TLDRThis video explains the process of implicit differentiation through various examples. Starting with basic equations like x^3 + y^3 = 8, the instructor shows how to differentiate both sides with respect to x, while applying the chain rule when dealing with y. The video also covers how to isolate dy/dx, use product and quotient rules, and simplifies expressions to make the process clearer. With detailed walkthroughs, the instructor guides viewers in solving more complex problems, enhancing their understanding of implicit differentiation techniques.

Takeaways

📘 Implicit differentiation is used when you can't easily solve for y in terms of x.
🔢 Differentiate both sides of an equation with respect to x to find dy/dx.
✏️ When differentiating y terms, multiply by dy/dx.
🔄 The derivative of a constant is zero.
🔄 Isolate dy/dx by moving terms without dy/dx to the other side of the equation.
➗ To solve for dy/dx, divide both sides of the equation by the coefficient of dy/dx.
🔄 Use the product rule when differentiating terms involving both x and y.
🔄 For the second derivative, use the quotient rule if dealing with a fraction.
📐 When differentiating trigonometric functions, use their respective derivative rules.
🔄 Always check if you can simplify the equation before differentiating to make the process easier.

Q & A

What is the process of implicit differentiation?
-Implicit differentiation is a technique used to find the derivative of a function that is not expressed explicitly in terms of y. It involves differentiating both sides of an equation with respect to x, treating y as an implicit function of x, and then solving for dy/dx.
How do you differentiate the equation x^3 + y^3 = 8 with respect to x?
-To differentiate x^3 + y^3 = 8 with respect to x, you differentiate each term: the derivative of x^3 is 3x^2, and for y^3, you use the chain rule, resulting in 3y^2 * dy/dx. After differentiating, you get 3x^2 + 3y^2 * dy/dx = 0. Then, isolate dy/dx to find that dy/dx = -x^2/y^2.
What is the product rule in the context of implicit differentiation?
-The product rule in implicit differentiation is used when differentiating a product of two functions, such as x*y. It states that the derivative of the product is the derivative of the first function times the second function plus the first function times the derivative of the second function. In implicit differentiation, this often involves adding dy/dx to one of the terms.
How do you find dy/dx for the equation x^2 + 2xy + y^2 = 5?
-Differentiating x^2 + 2xy + y^2 = 5 with respect to x, you get 2x + 2y(dy/dx) + 2y(dy/dx) = 0. Isolating dy/dx, you move terms without dy/dx to the other side and factor out dy/dx, resulting in dy/dx = -2x / (2y + 2x), which simplifies to dy/dx = -x / (y + x).
What is the derivative of a constant in implicit differentiation?
-The derivative of a constant in implicit differentiation is always zero, as constants do not change with respect to the variable being differentiated.
Can you provide an example of how to solve for dy/dx when the equation involves a trigonometric function?
-For the equation tan(xy) = 7, you differentiate using the chain rule, resulting in sec^2(xy) * (x + y * dy/dx) = 0. Isolating dy/dx, you distribute sec^2(xy) to x and y * dy/dx, and then solve to find dy/dx = -y/x.
What is the quotient rule in calculus, and how is it used to find the second derivative?
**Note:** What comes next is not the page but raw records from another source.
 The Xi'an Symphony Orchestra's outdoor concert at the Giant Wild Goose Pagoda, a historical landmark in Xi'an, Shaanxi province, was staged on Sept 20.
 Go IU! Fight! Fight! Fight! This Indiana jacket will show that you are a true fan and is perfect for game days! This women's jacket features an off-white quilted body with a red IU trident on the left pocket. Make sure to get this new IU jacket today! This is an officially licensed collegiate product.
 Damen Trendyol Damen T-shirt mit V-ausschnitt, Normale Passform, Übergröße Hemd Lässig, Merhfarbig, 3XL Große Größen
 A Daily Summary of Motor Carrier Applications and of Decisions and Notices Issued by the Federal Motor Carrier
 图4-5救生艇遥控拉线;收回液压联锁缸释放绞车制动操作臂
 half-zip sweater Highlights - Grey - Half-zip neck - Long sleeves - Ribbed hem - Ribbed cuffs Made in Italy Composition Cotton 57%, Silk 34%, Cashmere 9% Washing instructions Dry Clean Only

-The quotient rule is used to find the derivative of a fraction, where the numerator and denominator are both functions of x. It states that the derivative of u/v is (v*u' - u*v') / v^2. To find the second derivative, you apply the quotient rule to the expression for dy/dx, treating it as a fraction where u and v are the numerator and denominator, respectively.
How do you differentiate the equation 5xy - y^3 = 8 with respect to x?
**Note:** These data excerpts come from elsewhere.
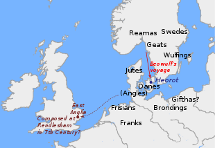 Ecgþeow was in the service of the Geatish king Hreðel, whose daughter he married. They had Beowulf, who grew up with the Geats. Beowulf's childhood friend was Breca the Bronding "supposed to be the inhabitants of the island Brännö, lying off the coast of West Gothland in the Cattegat".[11] This would be a realistic location for a childhood friend of Beowulf, and the poem describes a swimming contest between them.
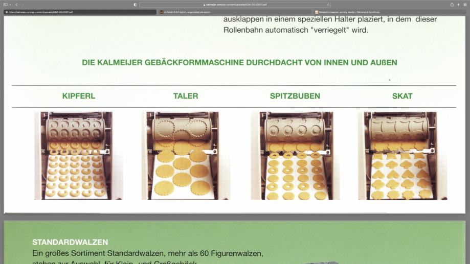 Stroj za kekse Kalmeijer, sa 5 valjaka ( kiflice, zvijezdice, zvijezdice s rupom, šapice, i veliki okrugli fi 10cm) te 130 limova. Stroj je u odličnom stanju, kapacitet je 3-5 kg tijesta u minuti. Cijena je s PDV-om.
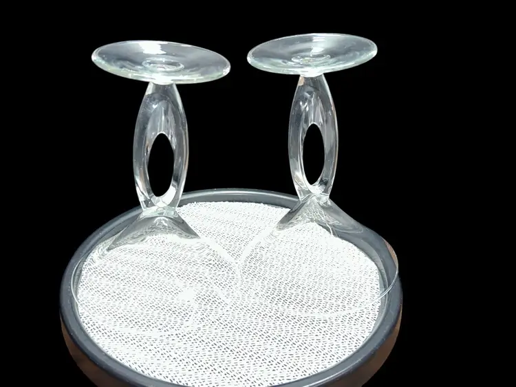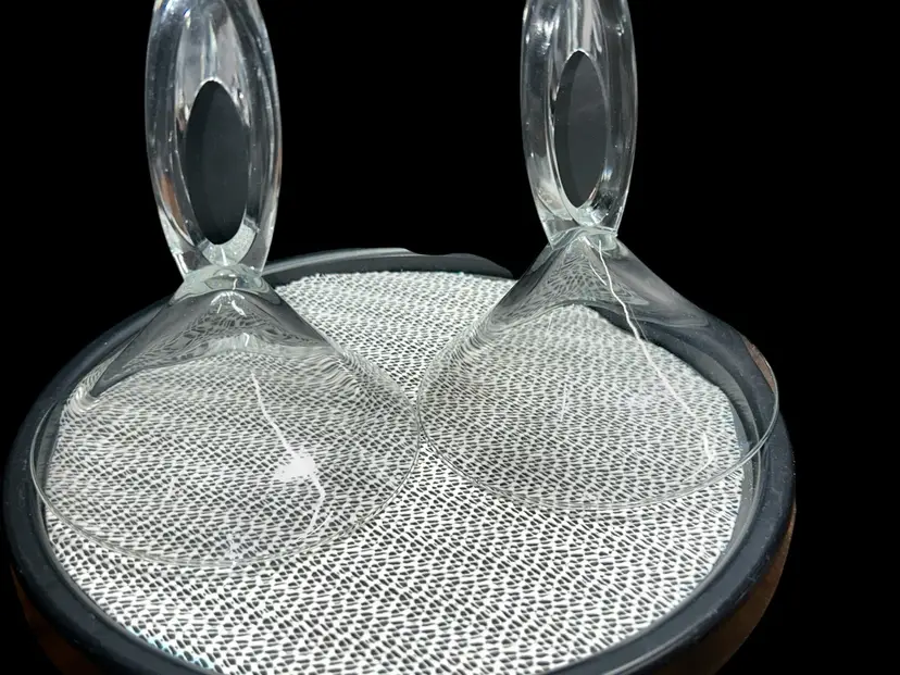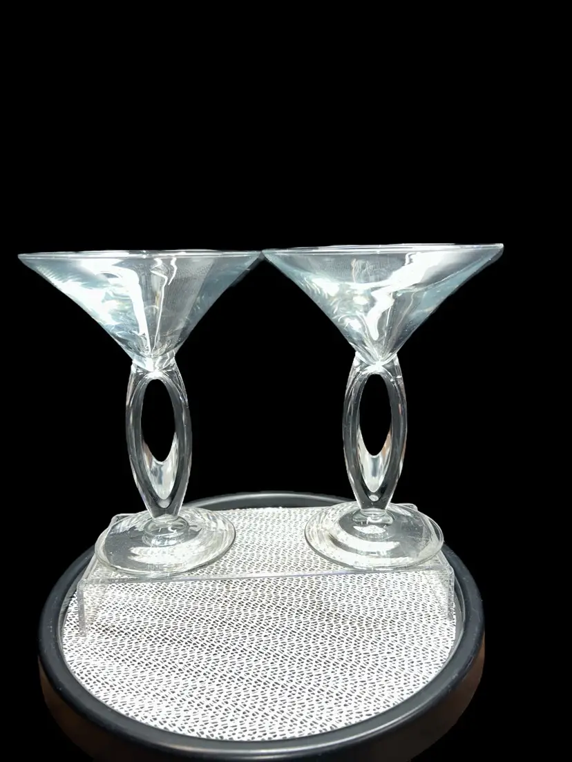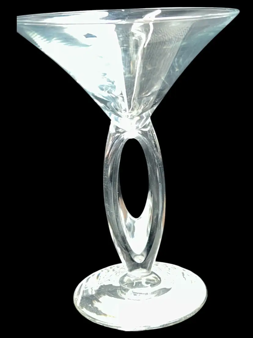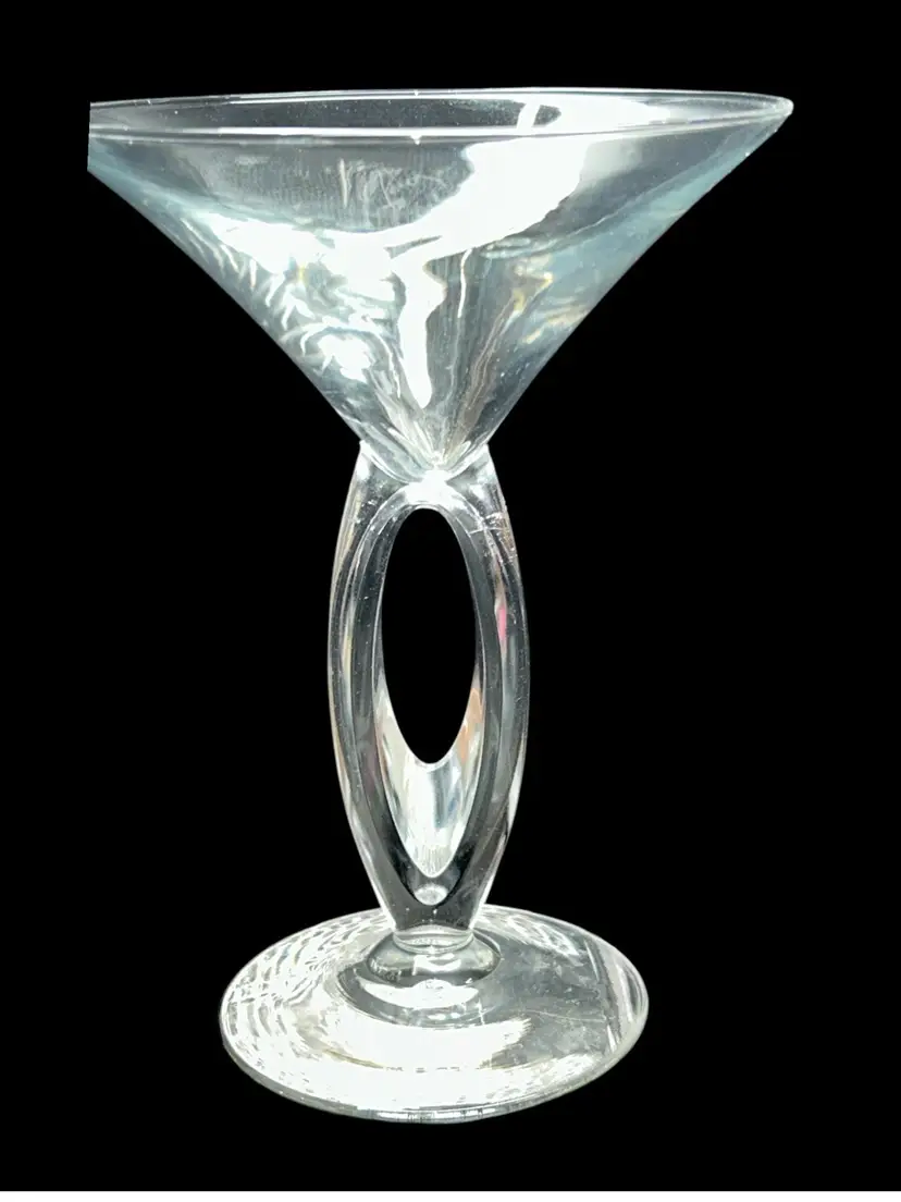 Open loop in stem. 6.5” tall, 4.75” diameter across opening, 3” diameter base. Excellent condition. MCM look.
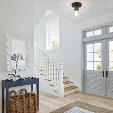 TeHenoo Industrial Ceiling Light Fixture,Clear Glass Shade, Semi Flush Mount Ceiling Light for Hallway, Entryway, Cafe, Bar, Corridor, Porch,Passway

-Differentiating 5xy - y^3 = 8 with respect to x, you get 5 + 5y(dy/dx) - 3y^2(dy/dx) = 0. Isolating dy/dx, you factor out dy/dx and solve to find dy/dx = -5y / (5x - 3y^2).
What is the significance of simplifying an equation before differentiating it?
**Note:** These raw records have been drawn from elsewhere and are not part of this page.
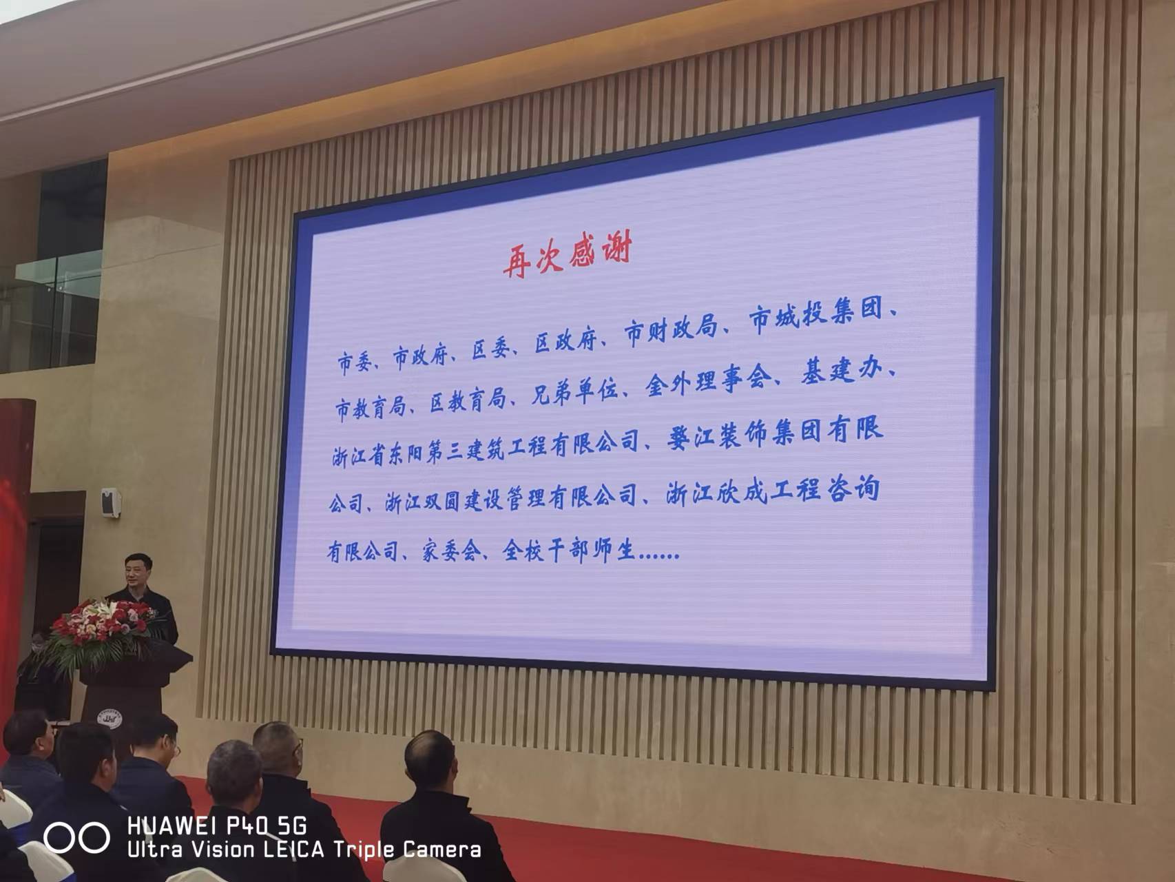 12月11日上午,由我司監理的一座實力與顏值并存的金華市外國語實驗學校小學新校區項目揭開美麗面紗,以全新的姿態迎接同學們的到來。金華市副市長莊凌飛,金東區區委副書記、代區長毛世梁,金華市教育局黨組書記、局長樓偉民等相關領導參加新校區啟用儀式,我司董事長姜桂軍和公司總工、項目總監陽橋輝受邀出席儀式。
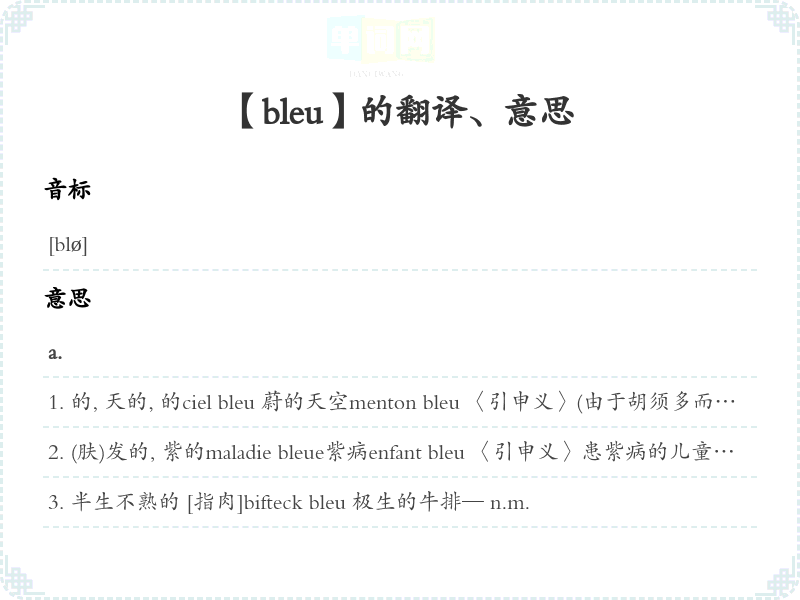 的, 天的, 的ciel bleu 蔚的天空menton bleu 〈引申义〉(由于胡须多而硬)剃得发的下巴颏conte bleu 〈转义〉〈旧语,旧义〉海外奇谈, 瞎扯的故事cordon bleu 〈转义〉高明的女厨师sang bleu 〈转义〉贵族出身le métal bleu 钴zone bleue地区 [指法国大城市内白天停车不得超过一小时的地区]
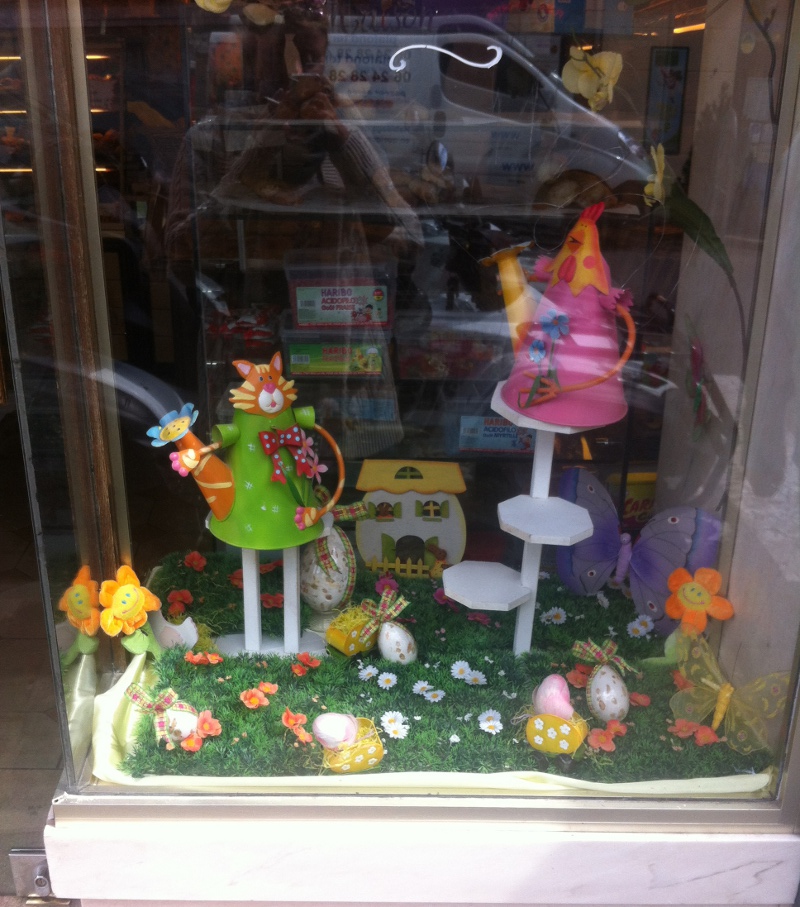 Le thème du moment (en dehors de Noël) n’est pas toujours abordé. Les boulangers/patissiers/chocolatiers abordent toujours le thème pascal, normal 😉 Peu de commerces créçois l’ont fait pour Pâques. Dommage.

-Simplifying an equation before differentiating it can make the process easier by reducing the complexity of the terms involved. For example, squaring both sides of an equation can eliminate square roots, making differentiation simpler and the resulting expressions easier to manage.
How do you find the second derivative of dy/dx = x/y using the quotient rule?
-To find the second derivative of dy/dx = x/y, you apply the quotient rule to the expression for dy/dx. Let u = x and v = y, then u' = 1 and v' = dy/dx. Plugging into the quotient rule formula, you get d^2y/dx^2 = (y * 1 - x * dy/dx) / y^2, and substituting dy/dx = x/y, you simplify to find the second derivative.